If one thinks of romantic love not as simply erotic freedom and expression, but as a breaking of that expression from a prescribed custom, romantic love is modern. There may have been a tension in primitive societies between marriage and the erotic, but this was mostly expressed in taboos regarding the menstrual cycle and birth.

Scientists use brain scans to show that love is the product of a chemical reaction in the brain. Norepinephrine and dopamine, among other chemicals, are responsible for excitement and bliss in humans as well as non-human animals. They conclude that these reactions have a genetic basis, and therefore love is a natural drive as powerful as hunger.

Other researchers have focused on opposing forces in human love. Overestimation of love can lead to disillusionment; the desire to possess the partner results in the partner wanting to escape; and the taboos against sex result in unfulfillment. Disillusionment plus the desire to escape plus unfulfillment result in a secret hostility, which causes the other partner to feel alienated. Secret hostility in one and secret alienation in the other cause the partners to secretly hate each other. This secret hate often leads one or the other or both to seek love objects outside the marriage or relationship.
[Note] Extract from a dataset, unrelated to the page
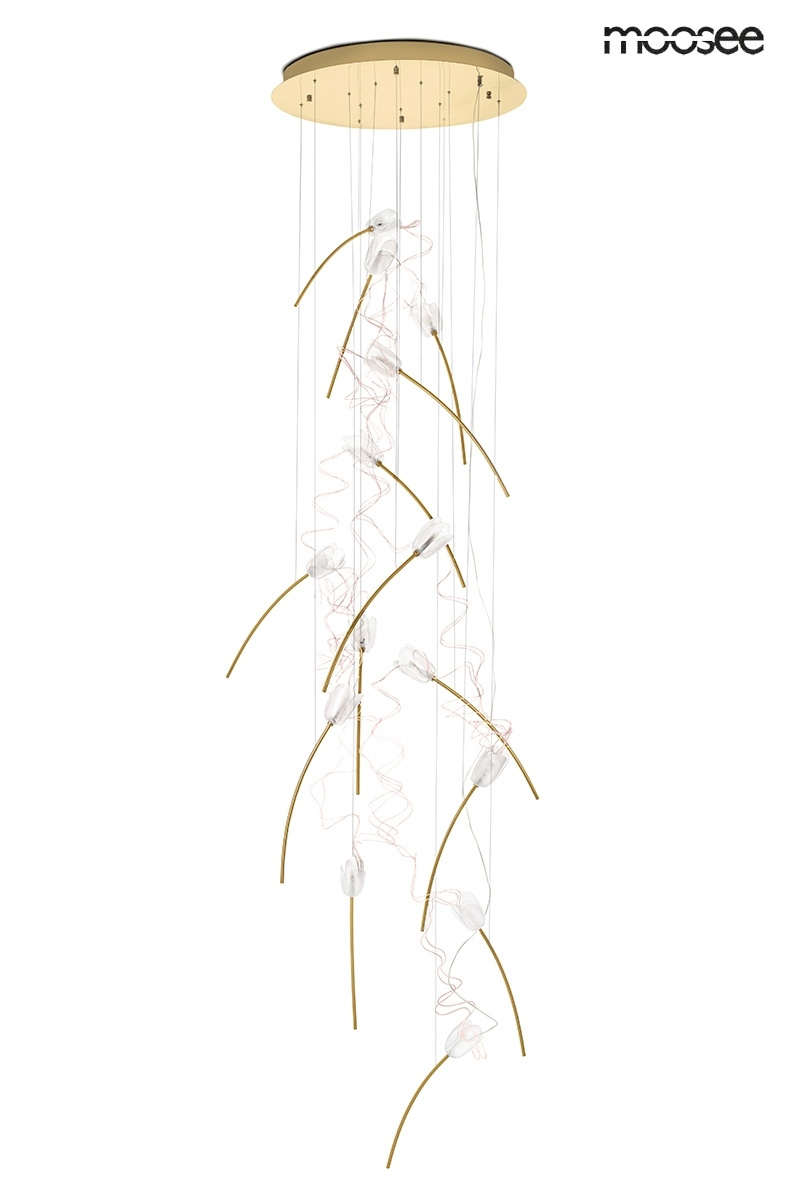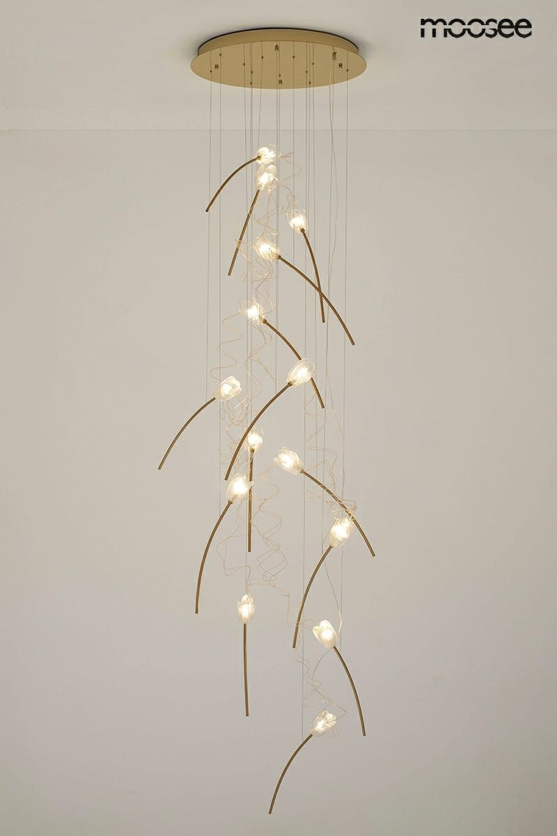 • MOOSEE lampa wisząca TULIPPE 14 DISC złota. Piękna, wyjątkowa oprawa, która nie tylko oświetli, ale i ozdobi nie jedno wnętrze. Przezroczyste, akrylowe klosze imitują kwiaty, tulipany, które w niezwykły sposób rozpraszają strumienie światła. Złote wykończ

People are drawn together by a force called “romantic attraction,” which is a combination of genetic and cultural factors. This force may be weak or strong, and may be felt to different degrees by each of the two love partners. The other factor is “emotional maturity,” which is the degree to which a person is capable of providing good treatment in a love relationship. Thus an immature person is more likely to overestimate love, become disillusioned, and have an affair, whereas a mature person is more likely to see the relationship in realistic terms, and act constructively to work out problems.

Research by the University of Pavia suggests that romantic love lasts for about a year, and then it is replaced by a more stable form of love called companionate love. In companionate love, changes occur from the early stage of love to when the relationship becomes more established and romantic feelings seem to end. However research by the Stony Brook University in New York suggests that some couples keep romantic feelings alive for much longer.